Allen is most known for her journalistic contributions toward U.S. economic reforms and policy management. With her research interests in public policy making, social security reforms, political economy, and geopolitics, she has contributed to many news outlets, including Washington Post and Slate Magazine, and authored a book chapter in the book Muslims in Western Politics.

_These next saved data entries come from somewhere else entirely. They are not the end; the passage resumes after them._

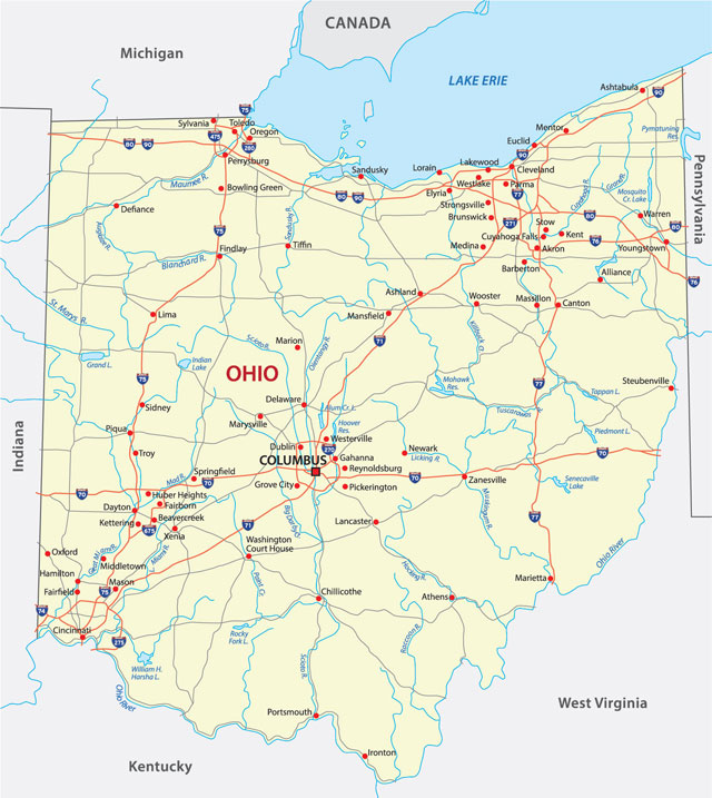 The Appalachian Plateau in is made up of rugged hills and steep valleys that become lower as they sweep westward toward the central plains. The highest point in the state is Campbell Hill (1,549ft/472m), located near Bellefontaine. The Erie lakeshore is an area of flat lowland that runs across the state to the Michigan border, and includes sandy beaches. The Central Plains are made up of undulating hills which decrease in height as they reach the Ohio River, which forms the state’s southern boundary with Kentucky and West Virginia. The state’s lowest point (433ft/132m) is in this region, at the confluence of the Miami and Ohio rivers, near Cincinnati.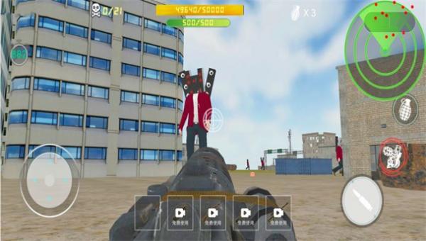 玩家可在游玩过程中通过完成任务逐步开启新的游戏区域,从废弃的工业场地到荒凉的戈壁,甚至是茂密的林地都能化作战斗舞台,既能遇见充满趣味的监控造型角色,也能遭遇入侵而来的马桶造型敌人。
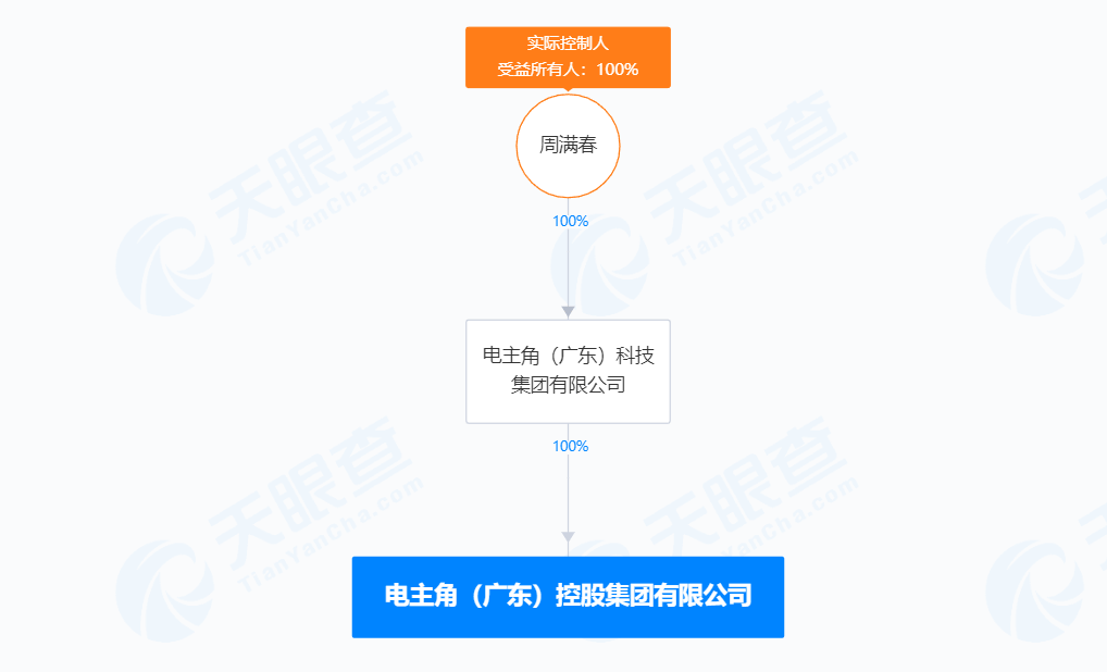 另外记者试图查询更多与电主角法定代表人和最终受益人周满春的更多信息,但天眼查显示,周满春仅任职电主角(广东)控股集团有限公司和电主角(广东)科技集团有限公司。

She was the Senior Editor at Pew Research Center from 2005 to 2011.

==Education and career==
Allen earned a Bachelor's degree in Political Science and Economics from Vassar College. Allen started her government career in 1977 when she joined the U.S. Department of Labor as Deputy Assistant Secretary, Policy & Research and served until 1980. From 1980 to 1996, she was affiliated with The Washington Post. In 1996, she was appointed as the Washington Editor at Slate Magazine and served there until 1999. Subsequently, she held an appointment at the U.S. News & World Report in 1999, where she worked in various capacities until the end of her tenure in 2005. Following this appointment, she worked as the Senior Editor at the Pew Research Center from 2005 to 2011.

== Work ==
Allen has authored numerous publications, including articles in news outlets, think tanks, and book chapters.

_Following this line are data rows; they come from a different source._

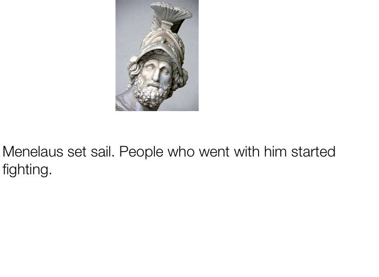 Menelaus set sail. People who went with him started fighting.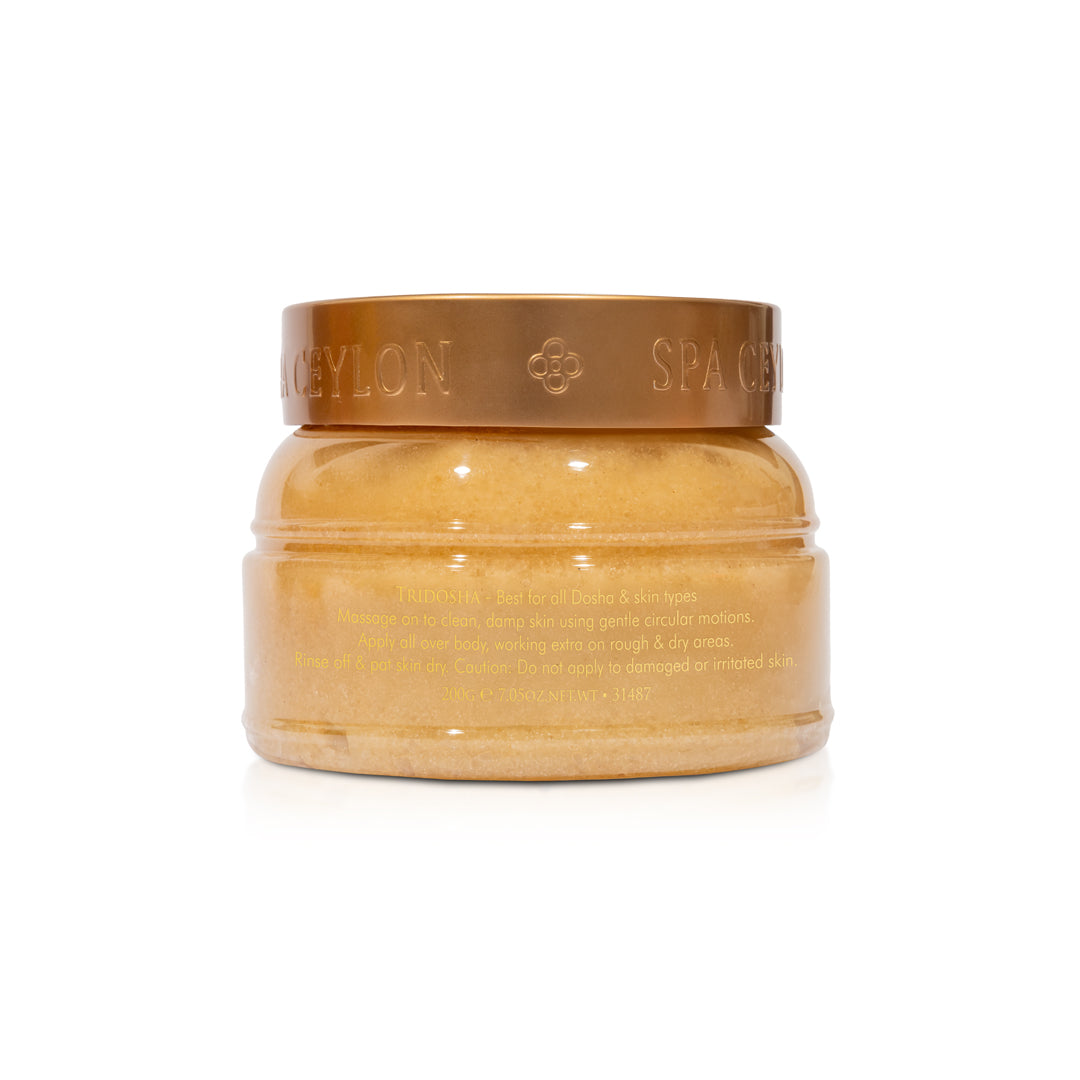 Natural Coconut Sugars combine with Ceylonese minerals & sea salts to help clear clogged pores, draw out toxins & exfoliate the body. Helps soften & smoothen skin, taking away the look of dry-dull skin, promoting more revitalised, even-toned skin & enhanced natural glow. -
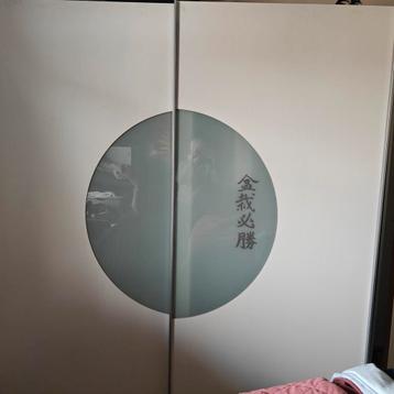 Vleugeldeur kledingkast met alleen hang gedeelten. Wel mogelijkheden om planken in te bouwen. 225 Cm breed diep 62 cm met deur 68 cm 222 cm hoog zelf uit elkaar halen.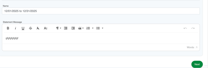 Finally, you’ll see a Statement Message field. Here you can add a message that will appear on each tenant statement. You can include hotfields, and if you’d like, you can also use Snippets.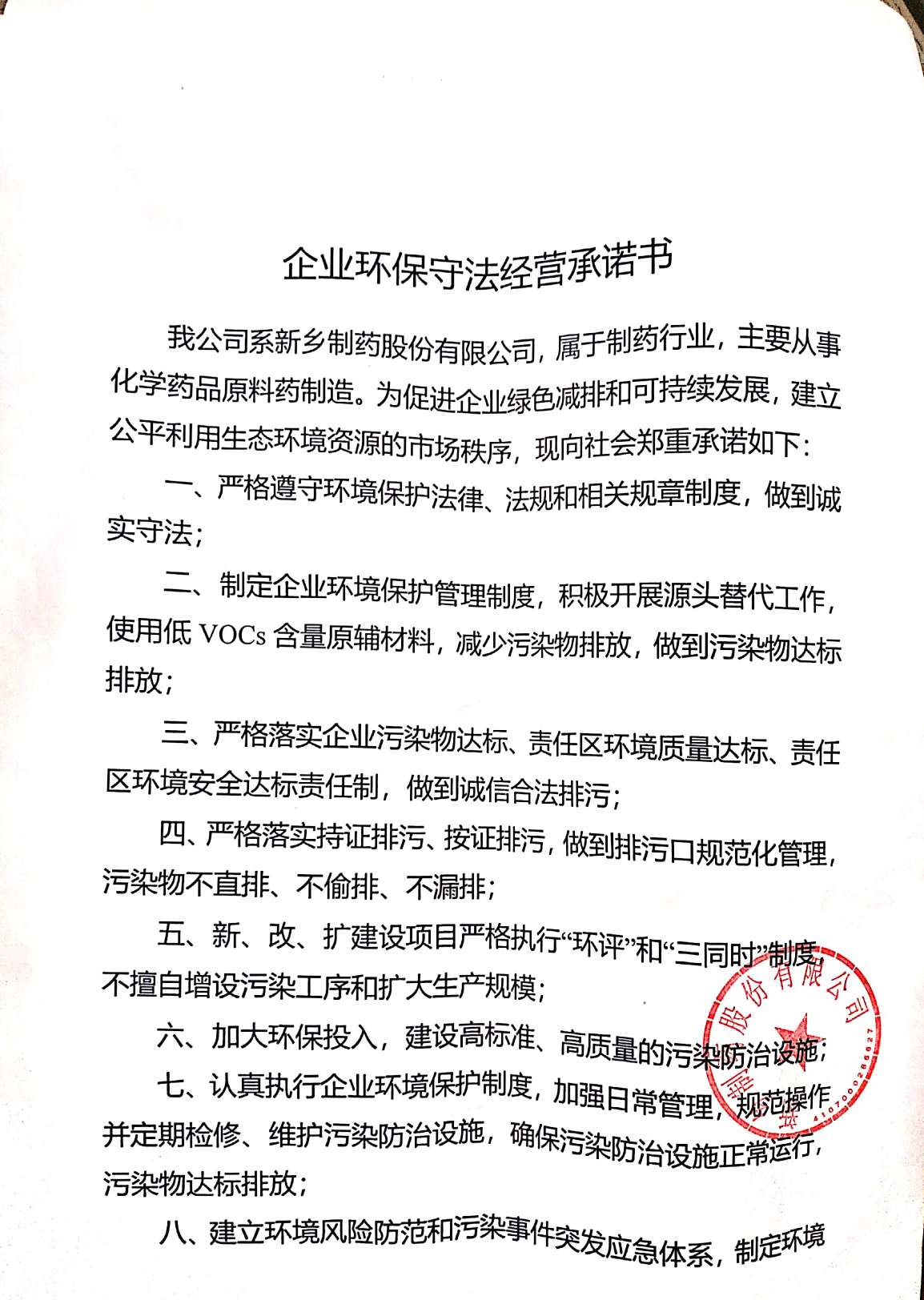 企業(yè)環(huán)保守法經營承諾書
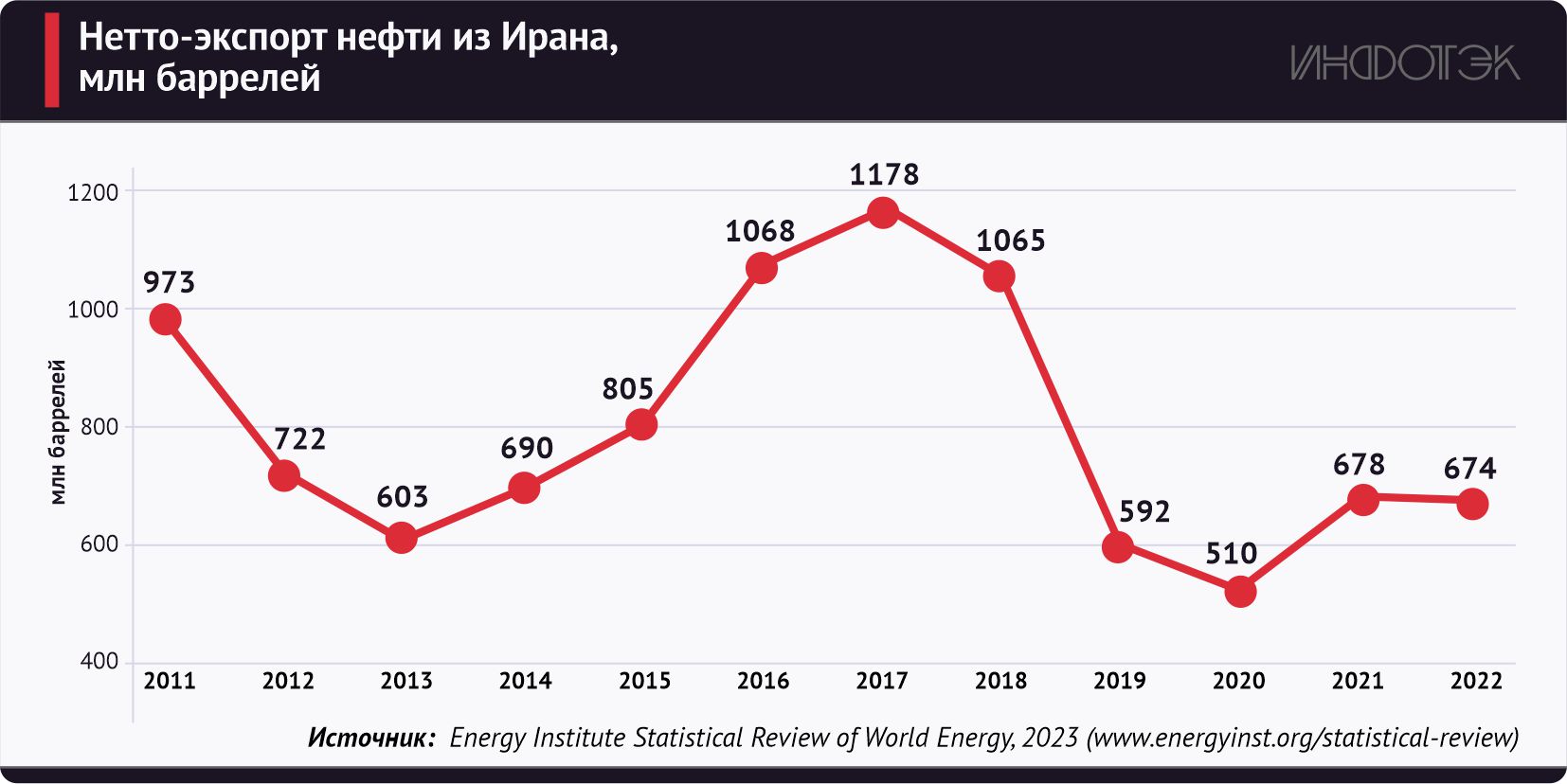 По данным Energy Institute, в 2022 году нетто-экспорт нефти из Ирана составил 674,1 млн баррелей.

===US economic policies and reforms===
While examining the idea of Negative Income Tax (NIT), she established that NIT and the already placed welfare system could not go hand in hand since the latter provides in-kind benefits along with cash, which practically vitiates NIT's attraction. She also identified administrative flaws in the NIT, mainly focusing on the income-accounting period, and indicated the possibility of benefits denial to families in need along with potential tax evasion. Exploring the public sentiment on U.S. domestic economic policies, she highlighted a divide among U.S. citizens along the economic lines.

Focusing her research on the Inflation dynamics in the US, Allen dismissed the notion of economics influencing partisan affiliation. Her analysis of Nixon's welfare reforms substantiated the reduction of welfare benefits as a counterproductive move since it restricted benefits to certain poor factions, including orphans and the unemployed. Additionally, she proposed a Principal Earner Rule in her evaluation of President Carter's welfare reforms. She identified loopholes that could lead to systematic manipulation, preventing the needy from receiving their entitled assistance.

===Global political developments===
Allen has studied the Suffrage Movement extensively. She analyzed the female voter turnout post-suffrage movement and probed the potential reasons behind anti-suffragist views, ultimately determining the controlling factor as one of the primary reasons for low female voter turnaround.

While evaluating the relationship between Europe and its Muslim population, Allen uncovered a hidden rift between natives and Muslims, primarily due to the stereotypes associated with Muslims in general. Her analysis revealed that Muslims currently residing in Europe are less likely to be interested in a clash of civilizations than those in the middle east. Following the 2005 youth riots in France, she conducted an analysis of the societal integration status of Muslims in French society. The survey investigated the self-identification trend among French Muslims, reported that the split was almost even, with 42% identifying as French citizens first and 46% identifying as Muslims first, and concluded that despite the unrest, the French model for societal integration still surpassed its European counterparts.

== Personal life ==
In 1960, she married Princeton alumnus lawyer George V. Allen Jr., a conservationist who served as the deputy assistant administrator in the EPA at its founding.

==Selected articles==
- Allen, J. T. (1973). Designing income maintenance systems: The income accounting problem (Vol. 134, No. 958-959). Urban Institute.
- Packer, A. H., Gordon, N. M., Allen, J. T., & Gordon, N. M. (1978). Women's and Welfare Reform. Challenge, 20(6), 45-50.
- Allen, J. T. (2002). Negative income tax. The concise encyclopedia of economics.
- Allen, J. T. (2006). The French-Muslim connection: Is France doing a better job of integration than its critics. Pew Research Center, 17.
- Allen, J. T. (2011). Re-counting poverty.